> [Try it]:
Pictures are to be left out. Return exactly the lines below from the one with "EVERBUILD ALL PURPOSE" up to and including the one with "This photo was".

> [Provided data]:
----------------------------------------

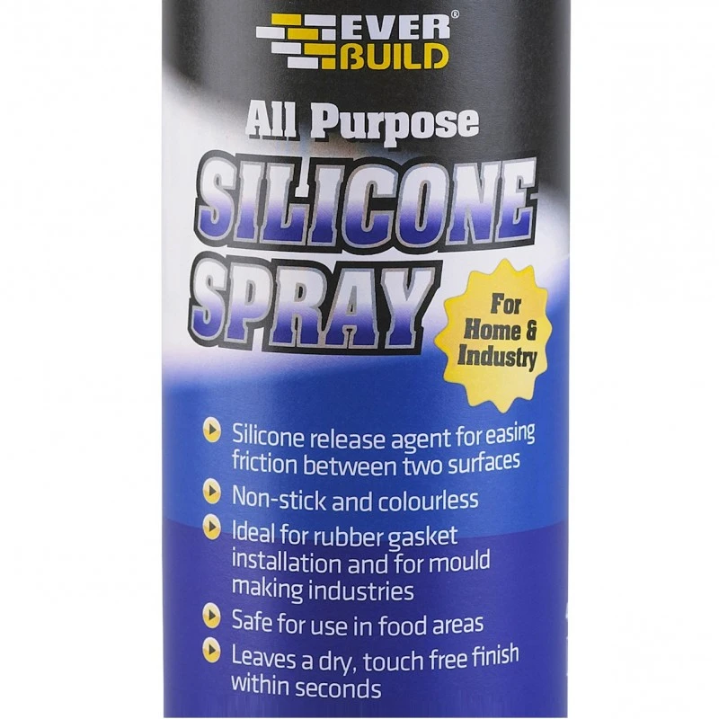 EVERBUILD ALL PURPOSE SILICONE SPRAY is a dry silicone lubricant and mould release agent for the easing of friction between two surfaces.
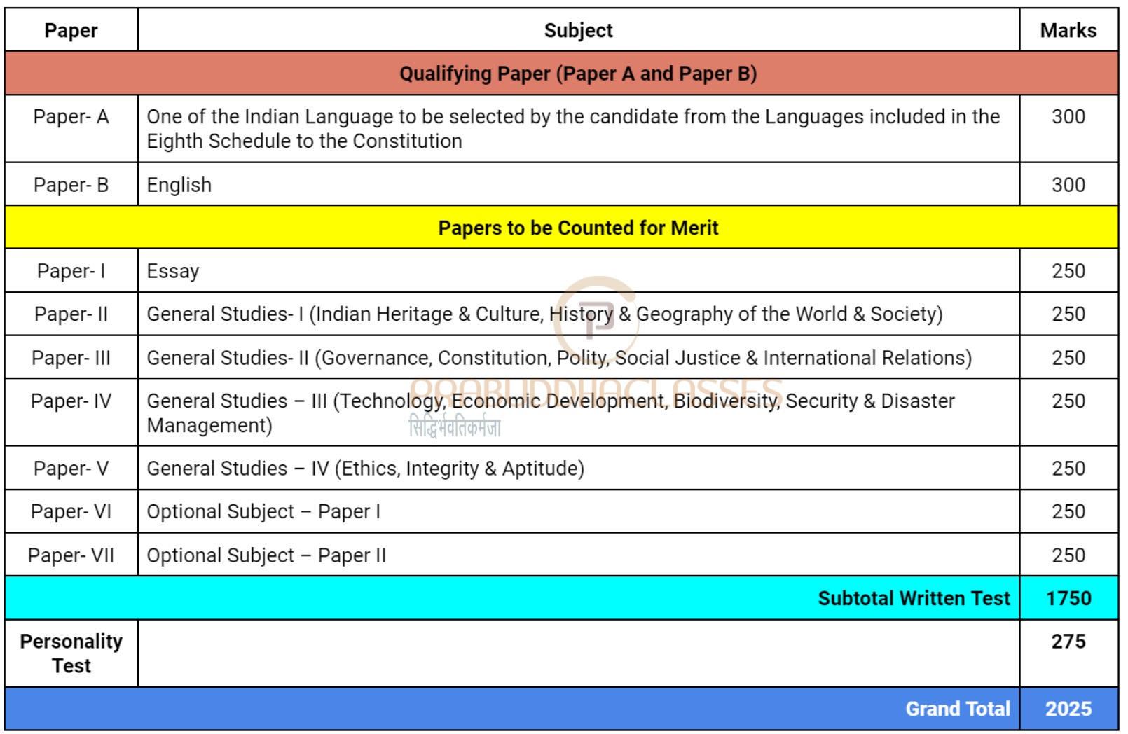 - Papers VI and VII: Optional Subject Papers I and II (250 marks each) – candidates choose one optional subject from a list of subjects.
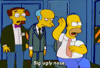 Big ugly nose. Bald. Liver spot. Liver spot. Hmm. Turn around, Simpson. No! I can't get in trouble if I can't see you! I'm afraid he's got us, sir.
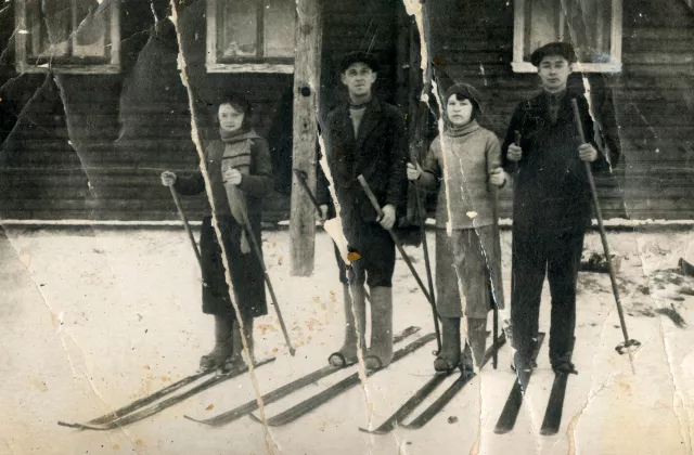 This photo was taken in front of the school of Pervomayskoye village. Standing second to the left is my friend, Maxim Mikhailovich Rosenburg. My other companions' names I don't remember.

----------------------------------------

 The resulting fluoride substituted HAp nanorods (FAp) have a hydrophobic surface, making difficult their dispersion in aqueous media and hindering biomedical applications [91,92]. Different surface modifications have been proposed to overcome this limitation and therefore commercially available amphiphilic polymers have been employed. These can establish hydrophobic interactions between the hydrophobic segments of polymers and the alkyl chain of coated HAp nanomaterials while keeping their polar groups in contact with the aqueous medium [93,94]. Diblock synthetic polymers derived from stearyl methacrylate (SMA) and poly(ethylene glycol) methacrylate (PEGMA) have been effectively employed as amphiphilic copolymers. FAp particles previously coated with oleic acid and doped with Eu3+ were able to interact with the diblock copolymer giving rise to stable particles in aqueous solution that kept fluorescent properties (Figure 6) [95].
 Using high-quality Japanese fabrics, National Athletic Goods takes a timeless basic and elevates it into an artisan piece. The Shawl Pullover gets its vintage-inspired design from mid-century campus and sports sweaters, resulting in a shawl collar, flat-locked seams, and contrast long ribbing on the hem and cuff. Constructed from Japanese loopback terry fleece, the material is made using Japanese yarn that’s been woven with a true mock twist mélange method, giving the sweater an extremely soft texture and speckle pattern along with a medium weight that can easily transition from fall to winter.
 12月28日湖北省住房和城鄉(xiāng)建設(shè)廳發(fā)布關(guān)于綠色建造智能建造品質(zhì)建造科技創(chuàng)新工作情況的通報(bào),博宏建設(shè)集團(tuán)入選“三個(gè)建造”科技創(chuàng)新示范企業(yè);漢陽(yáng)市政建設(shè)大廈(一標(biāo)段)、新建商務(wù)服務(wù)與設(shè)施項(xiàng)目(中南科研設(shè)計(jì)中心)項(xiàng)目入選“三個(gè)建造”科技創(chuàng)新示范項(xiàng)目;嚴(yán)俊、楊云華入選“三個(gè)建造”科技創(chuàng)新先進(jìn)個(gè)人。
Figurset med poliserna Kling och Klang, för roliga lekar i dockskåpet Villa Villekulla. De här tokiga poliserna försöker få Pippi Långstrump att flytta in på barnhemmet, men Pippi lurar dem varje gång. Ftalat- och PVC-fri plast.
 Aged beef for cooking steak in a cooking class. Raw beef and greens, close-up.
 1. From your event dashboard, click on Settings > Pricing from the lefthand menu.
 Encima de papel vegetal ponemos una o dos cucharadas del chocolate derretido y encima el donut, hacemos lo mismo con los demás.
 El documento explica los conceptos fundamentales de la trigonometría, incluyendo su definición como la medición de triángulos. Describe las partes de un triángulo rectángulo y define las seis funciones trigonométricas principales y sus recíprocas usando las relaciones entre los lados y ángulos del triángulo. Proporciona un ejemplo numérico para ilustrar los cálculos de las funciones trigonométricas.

----------------------------------------

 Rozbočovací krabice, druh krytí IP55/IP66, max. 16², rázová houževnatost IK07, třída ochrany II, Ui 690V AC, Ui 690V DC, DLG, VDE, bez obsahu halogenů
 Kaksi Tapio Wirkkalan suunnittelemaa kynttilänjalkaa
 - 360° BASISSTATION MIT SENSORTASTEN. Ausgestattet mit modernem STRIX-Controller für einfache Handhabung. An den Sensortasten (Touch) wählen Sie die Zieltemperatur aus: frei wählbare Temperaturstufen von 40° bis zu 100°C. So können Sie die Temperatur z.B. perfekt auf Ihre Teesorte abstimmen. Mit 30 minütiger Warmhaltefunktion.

----------------------------------------

> [Response to this exercise]:
 EVERBUILD ALL PURPOSE SILICONE SPRAY is a dry silicone lubricant and mould release agent for the easing of friction between two surfaces.
 - Papers VI and VII: Optional Subject Papers I and II (250 marks each) – candidates choose one optional subject from a list of subjects.
 Big ugly nose. Bald. Liver spot. Liver spot. Hmm. Turn around, Simpson. No! I can't get in trouble if I can't see you! I'm afraid he's got us, sir.
 This photo was taken in front of the school of Pervomayskoye village. Standing second to the left is my friend, Maxim Mikhailovich Rosenburg. My other companions' names I don't remember.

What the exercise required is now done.